The site also details success stories with iOS clients including Australia's Queensland Police, British Airways, Capital One bank, Japan's Tokyo Metro operations, SKF manufacturing and Schindler maintenance technicians.

The company also provides a white paper focusing on Employee Choice for IT, detailing a Jamf Employee Choice survey that highlighted when given the choice, about 3 out of 4 employees picked Apple for use at work.

It also cites a Gensler Workplace Study that indicated that "employees with choice can have a notable impact on their individual levels of innovation, job performance, and job satisfaction."



11 Comments

darkvader 15 Years · 1146 comments

And yet they completely f'ed up macOS Server, and there's not a single Mac in the current product lineup that's really suitable for server use.
Apple is schizophrenic. 

entropys 13 Years · 4316 comments

This is all good, the Queensland police feature is really powerful.

to really make it absolutely perfect would just make the Files App introduced with IOS11 also work with internal win servers, remotely and securely (maybe via a VPN), rather than just cloud services.
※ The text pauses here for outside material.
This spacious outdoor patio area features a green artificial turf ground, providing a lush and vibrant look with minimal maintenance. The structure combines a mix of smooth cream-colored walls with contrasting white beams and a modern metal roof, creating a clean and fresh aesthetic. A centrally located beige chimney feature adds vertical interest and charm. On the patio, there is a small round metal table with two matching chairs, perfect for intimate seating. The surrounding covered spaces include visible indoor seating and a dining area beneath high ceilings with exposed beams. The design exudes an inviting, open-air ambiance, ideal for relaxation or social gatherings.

sirozha 15 Years · 801 comments

darkvader said:
And yet they completely f'ed up macOS Server, and there's not a single Mac in the current product lineup that's really suitable for server use.

Apple is schizophrenic. 

There’s nothing schizophrenic about it. Apple got out of the server business because no serious company would run on Apple servers. This was a small business solution, but now there are viable cloud alternatives. Windows, Linux, Unix servers held 99.99% of the market share when Apple was selling XServe.
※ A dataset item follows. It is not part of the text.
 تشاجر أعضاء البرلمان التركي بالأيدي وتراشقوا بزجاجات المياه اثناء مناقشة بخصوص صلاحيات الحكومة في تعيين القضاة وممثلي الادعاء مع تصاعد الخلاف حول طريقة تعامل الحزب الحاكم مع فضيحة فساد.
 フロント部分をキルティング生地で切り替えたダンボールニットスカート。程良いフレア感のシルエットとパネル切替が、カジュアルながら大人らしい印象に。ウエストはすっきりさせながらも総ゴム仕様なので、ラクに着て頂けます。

Steve Jobs made the right strategic decision  when Xserve was discontinued. Apple was building their own data centers and equipping them with Linux servers running on non-Apple hardware. It was a moment of truth that Xserve had to be retired. Apple tried to support the server software for 8 more years, but now there’s no more compelling reason to continue. 

Rayz2016 8 Years · 6957 comments

darkvader said:
And yet they completely f'ed up macOS Server, and there's not a single Mac in the current product lineup that's really suitable for server use.

Apple is schizophrenic. 

Try to keep up. The whole planet and its mother is heading for the cloud. Over the last four years of development work, I have not deployed a single app to a local server. They’re developed on desktop machines then pushed up to a service such as Heroku or Amazon directly. 

DanielEran 9 Years · 290 comments

darkvader said:
And yet they completely f'ed up macOS Server, and there's not a single Mac in the current product lineup that's really suitable for server use.

Apple is schizophrenic. 

Mac OS X Server has been dead forever and nobody in the enterprise uses it. It was a $20 package of utilities with a dummy interface that was only useful to people who had no business running a server connected to the internet. 

Selling Macs and iOS devices to the enterprise is not at all connected to Apple's failed 1998-era concept of having a workgroup server running like a Mac.

It's like saying "why is Apple selling AirPods and HomePods after it pulled out of the printer and camera business!?!"